Assignment:
Leave out the pictures and output exactly the lines below from the one with "Boeing’s KC-46A Pegasus" down to the one with "The brand-new ultra-large", both of them included.

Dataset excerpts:
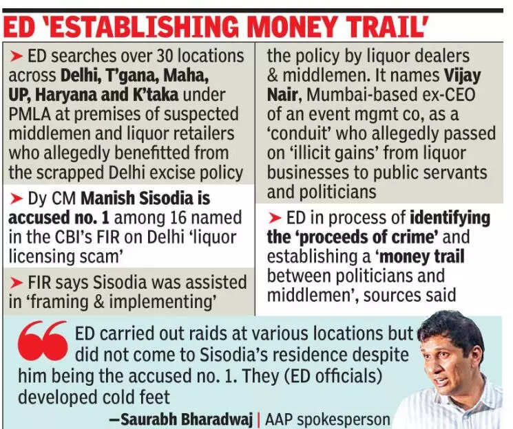NEW DELHI: Initiating a money laundering probe in the Delhi excise scam in which CBI has named deputy CM Manish Sisodia in its FIR, the Enforcement Directorate on Tuesday carried out searches at more than 30 locations across Delhi, Telangana, Maharashtra, UP, Haryana and Karnataka at the premises of suspected middlemen and liquor retailers who were alleged beneficiaries of the now-scrapped excise policy.
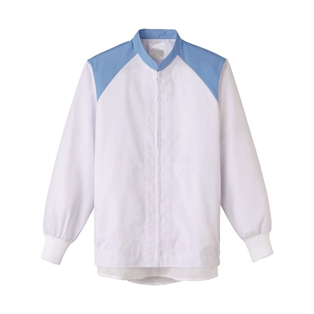 交差汚染対策を意識したホワイト×サックス、ホワイト×グリーン、ホワイト×ピンクのバイカラー、3色展開の常温作業場向けジャンパーです。軽作業に最適なスタンドカラーです。前開きはセミオートコイルファスナー、体毛落下防止機能を備えた異物混入対策仕様、ウエストインナーはマジックテープ横付け。本体袖口はフライス、インナーの袖口はゴム入り、ノーポケット仕様です。
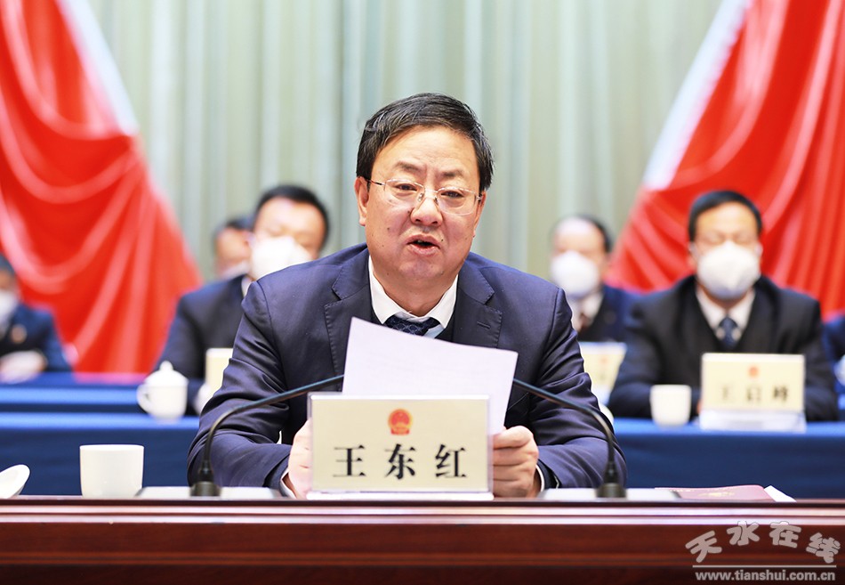 王东红强调,做好人大工作,一要加强党的全面领导,以新理念引领新实践。区人大及其常委会要坚持用习近平新时代中国特色社会主义思想统揽人大工作,以党的二十大精神统领、谋划和推进人大各项工作,坚决做到与区委同心协力、同频共振、同向发力,推动人大工作不断迈上新台阶。二要紧紧围绕中心大局,以新担当开创新局面。认真践行以人民为中心的发展思想,扎实办好民生实事,千方百计解决好群众教育、就业、医疗、养老等急难愁盼问题,全力保障和改善民生,不断增强人民群众获得感、幸福感、安全感。三要坚持依法行使权力,以新作为实现新目标。区人大及其常委会要深入学习贯彻习近平总书记关于坚持和完善人民代表大会制度的重要思想,持续加强和改进人大工作,确保中央和省、市、区委决策部署在人大工作中全面贯彻落实。四要不断加强自身建设,以新作风凝聚新力量。以党的政治建设为统领,全面加强人大机关政治、思想、组织、作风、纪律和制度建设,推动党组织建设全面进步、全面过硬,用实际行动诠释“人大代表为人民”的履职担当,为全面建设中国式现代化秦州而团结奋斗。
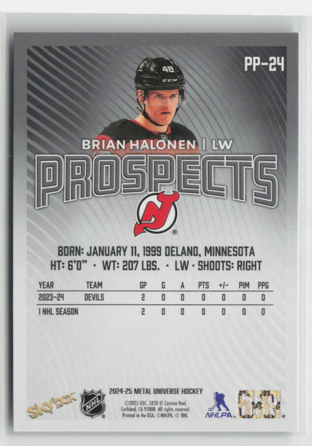 You are purchasing a 2024-25 Metal Universe Hockey Prospects Brian Halonen #PP-24. You will receive the exact item in the photographs. Thank you for looking.
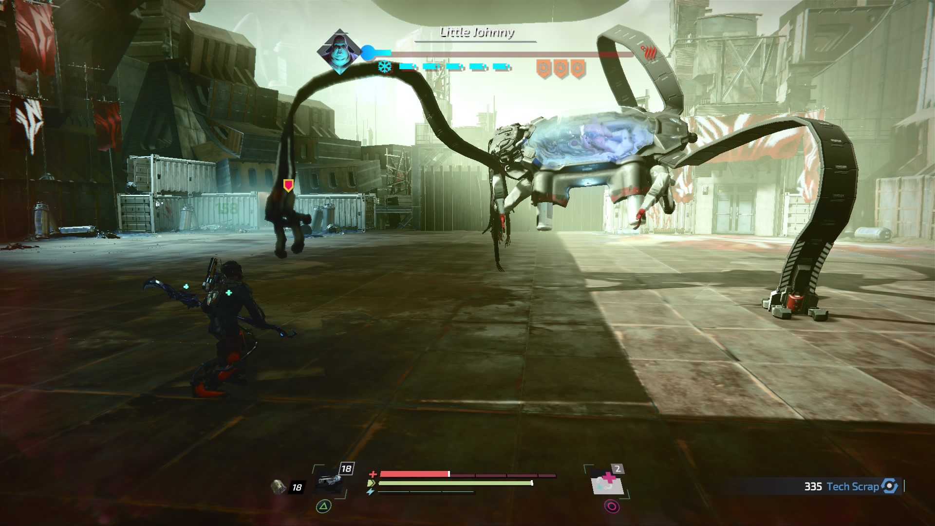 Death has its own unique twists too. Like many Souls games when you die you drop all your tech scrap, which serves as the game’s XP, and need to collect it without dying again or you’ll lose it forever. However, as long as the tech scrap is on the ground it can help you out. When you’re near a cache of scrap you dropped, it will slowly regenerate your health. Picking it up will also bring you back to full health. More than once I realized I was going to lose a fight and made use of this system, dying in a convenient spot that I could exploit for regeneration purposes during my next go. Of course, this is a high-risk move as losing all that scrap would be a terrible waste.
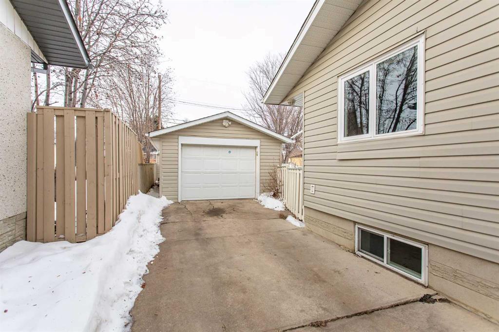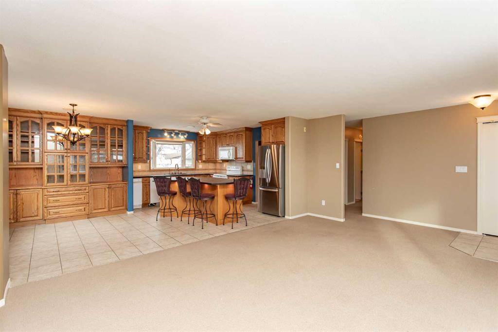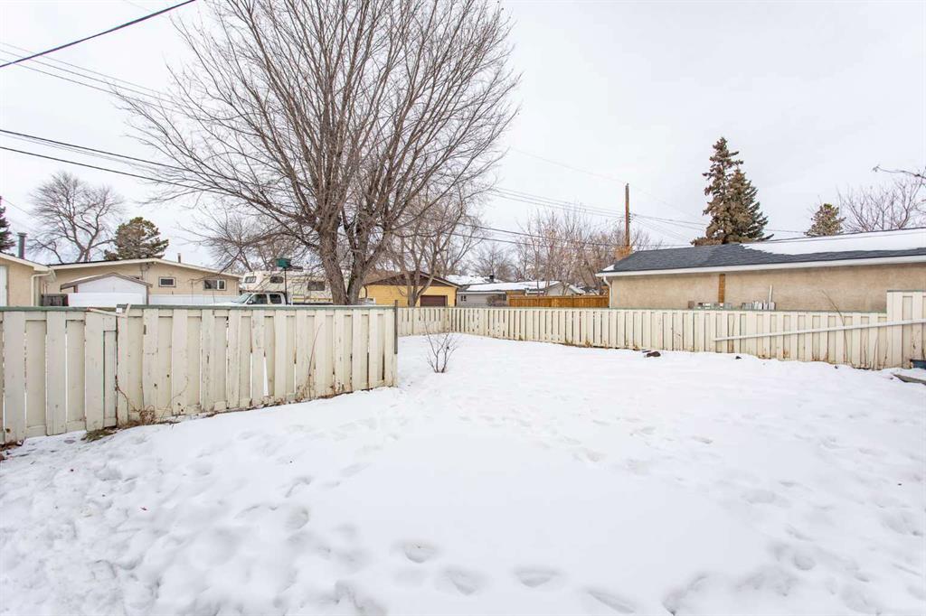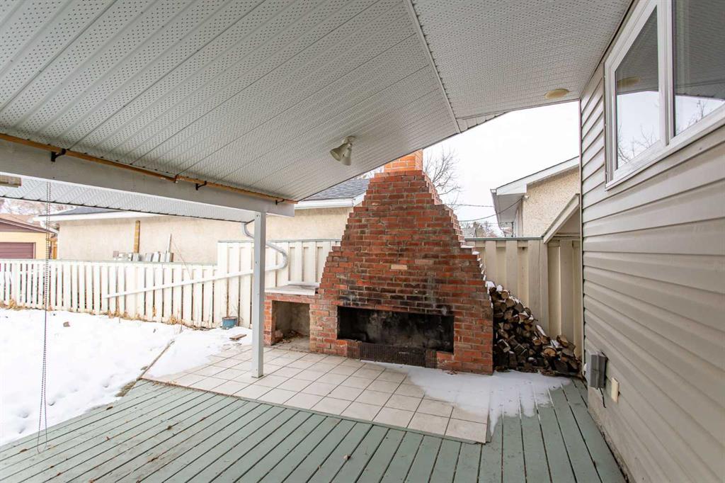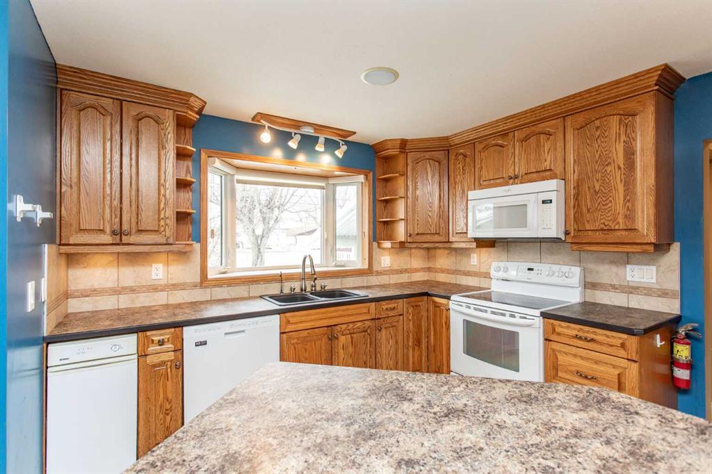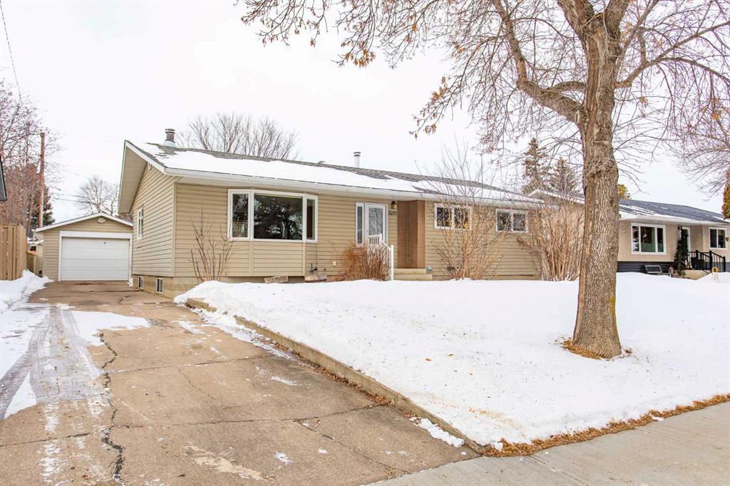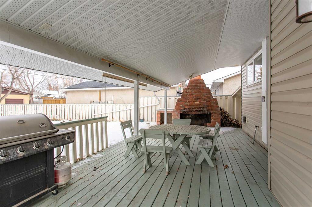 If you are seeking a home in the heart of downtown Lacombe, this well-maintained bungalow offers an excellent opportunity. As only the second owner since its construction in 1967, pride of ownership is evident throughout. The main floor features a spacious kitchen with ample countertop space, a dining area, and a comfortable living room. There are three bedrooms on this level, including a primary bedroom with a two-piece ensuite. One bedroom has been converted to accommodate main floor laundry but may be reverted to serve as a third bedroom if desired. The basement includes a fourth bedroom, a three-piece bathroom, and a large family/games room fitted with a dry bar. Built-in benches convert into double-size beds, making the area ideal for hosting guests. Notable updates include new countertops, cabinetry, backsplash, a large island, abundant oak cabinetry, custom built-ins, modern tile flooring, and the majority of windows replaced. Additional insulation was also added when the siding was updated. Outdoor amenities feature a covered patio with a wood-burning brick fireplace, perfect for use during spring, summer, and autumn. The property includes a single-car garage, fenced yard, garden shed, garden area, and convenient back alley access. Shingles were replaced around 2015.
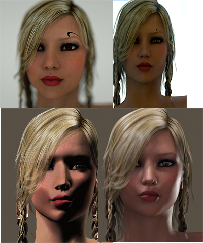 The top to pictures are of Faith and you can see over her right eye, there is a black area, almost like a tattoo, which is not part of the figure or textures. Also, both pictures are from the Poser to Octane Plugin and a Poser export to OBJ/MTL then imported into the standalone Octane. Both produced the black area.
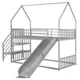 *INCOMPLETE*Twin Over Twin Metal House Bunk Bed with Convertible Slide and Stairs, Heavy Duty Low Floor Bunk Bed House Bed Frame Twin Size with Roof and Safety Guard Rails for Boys and Girls, Silver
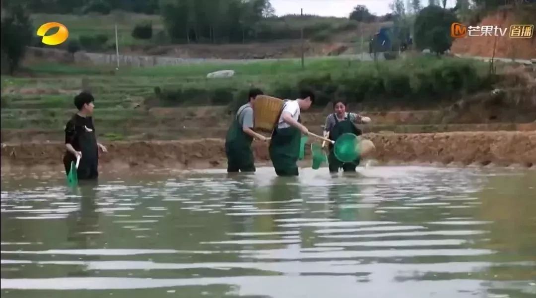 不仅如此,小小的鱼塘看似平静,但是底下却有非常多的大鱼,进去捕捉的时候鱼多得往天空中跳。
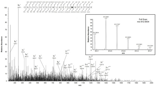 MS/MS spectrum of the triply charged molecular ion at m/z 812.0634 (calculated 812.0635) of the VDAC1 tryptic peptide from HAP1 cells containing methionine residue 155 in the oxidized form of methionine sulfoxide. The inset shows the full scan mass spectrum of molecular ion. Fragment ions originated from the neutral loss of methanesulfenic acid (CH2SOH, 64 Da) are indicated by three asterisks.
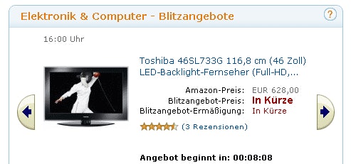 Update am 12.05.11: Ab 16 Uhr gibt es den 46SL733G als Blitzangebot. Wenn es ein guter Preis ist, wird in 1 Minute wieder alles weg sein – so wie gestern. Also am besten Punkt 16 Uhr bei Amazon sein, in den Warenkorb legen und nochmal tief durchatmen. Bis 23:59 Uhr hat man dann Zeit.
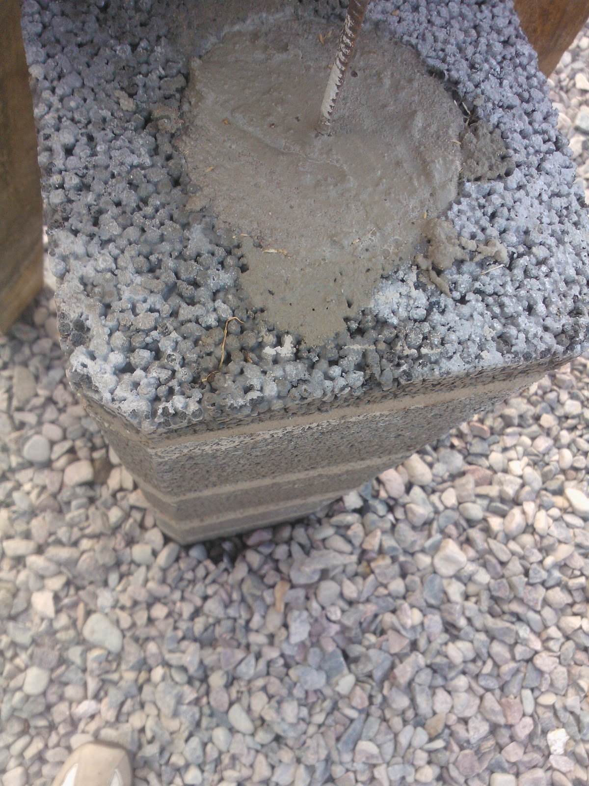 Harkkopilarit valettiin täyteen ja asennettiin tartuntaraudat.
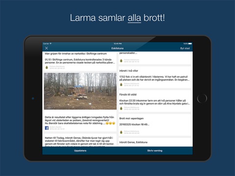 • Varning för brottslig verksamhet i Ditt närområde från Larmare, Polisen, Facebook, Blocket och andra appar.
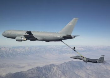 Boeing’s KC-46A Pegasus tanker refuels an F-15E aircraft during Phase II receiver certification testing out of Edwards Air Force Base, ...
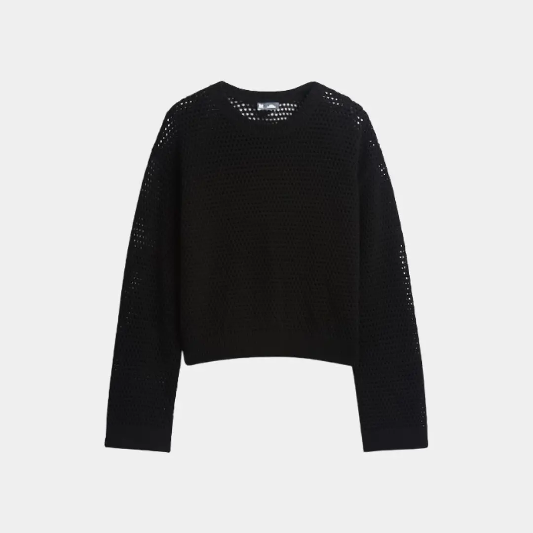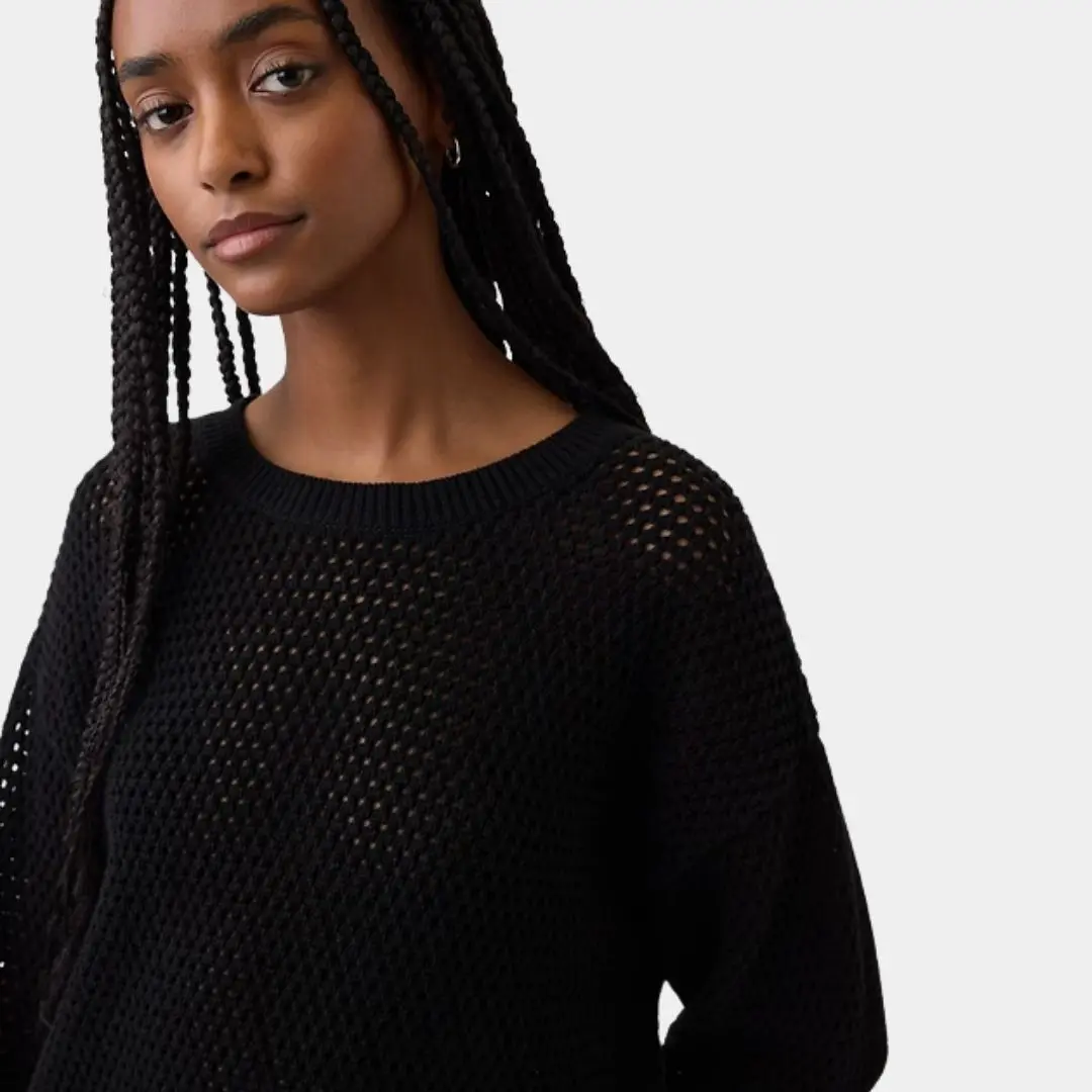 ·Soft cotton crochet sweater with a crewneck design.
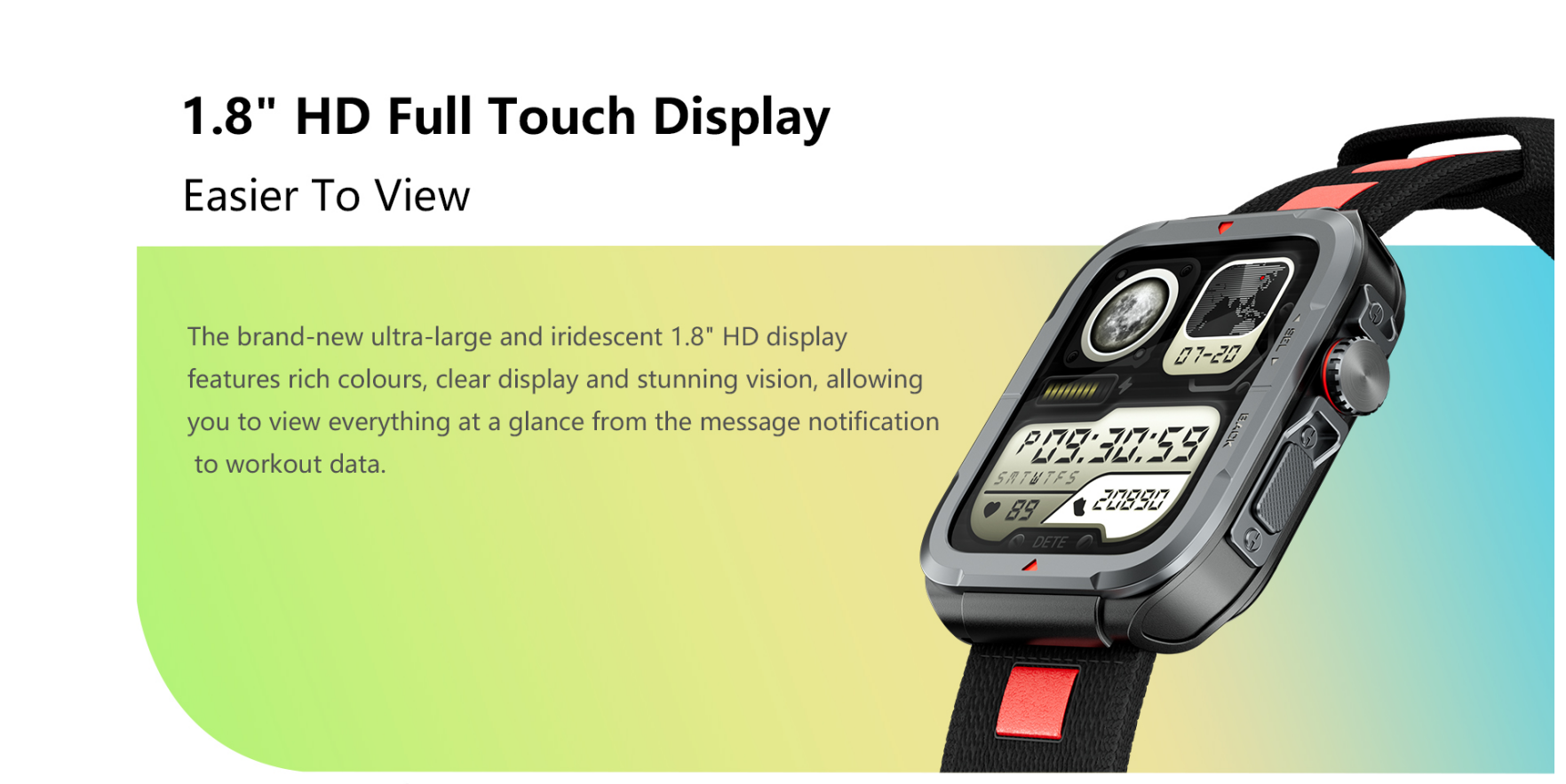 The brand-new ultra-large and iridescent 1.8″ HD display features rich colours, clear display and stunning vision, allowing you to view everything at a glance from the message notification to workout data.
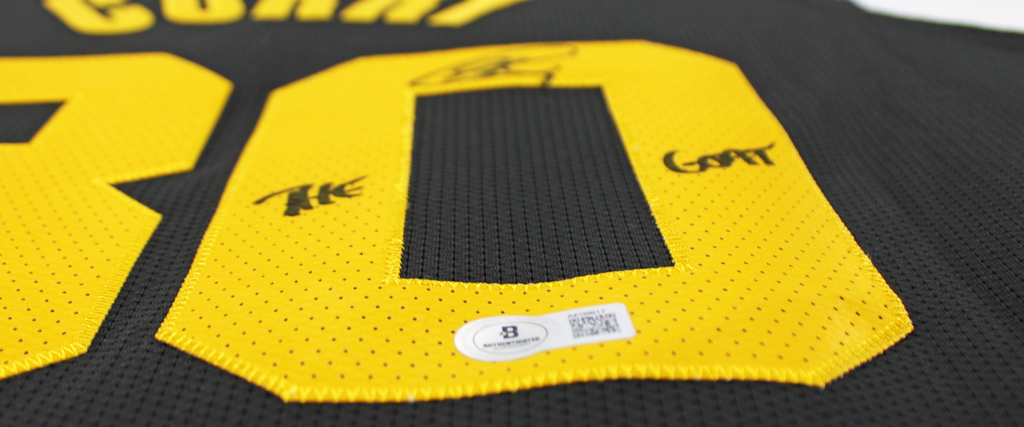 This Autographed Black Nike 2021 City Edition Authentic Jersey with the inscription of "The Goat" has been Personally Signed by Stephen Curry of the Golden State Warriors. This item is 100% Authentic to include a hologram by Beckett Authentication Services. This item will come with an affixed Beckett Authentication Services (BAS) authentication sticker, which includes a scannable QR code to verify authenticity. Please note that Beckett no longer provides serial-numbered COA cards, and the attached BAS sticker will serve as the complete authentication for this item. We have multiples of this same item. While the photographs are representative of this item, the size, placement and strength of the signature may vary. Each item is hand signed, therefore, each autograph is unique. Multiple sizes available. Reach out for availability.

Result:
 Boeing’s KC-46A Pegasus tanker refuels an F-15E aircraft during Phase II receiver certification testing out of Edwards Air Force Base, ...
 ·Soft cotton crochet sweater with a crewneck design.
 The brand-new ultra-large and iridescent 1.8″ HD display features rich colours, clear display and stunning vision, allowing you to view everything at a glance from the message notification to workout data.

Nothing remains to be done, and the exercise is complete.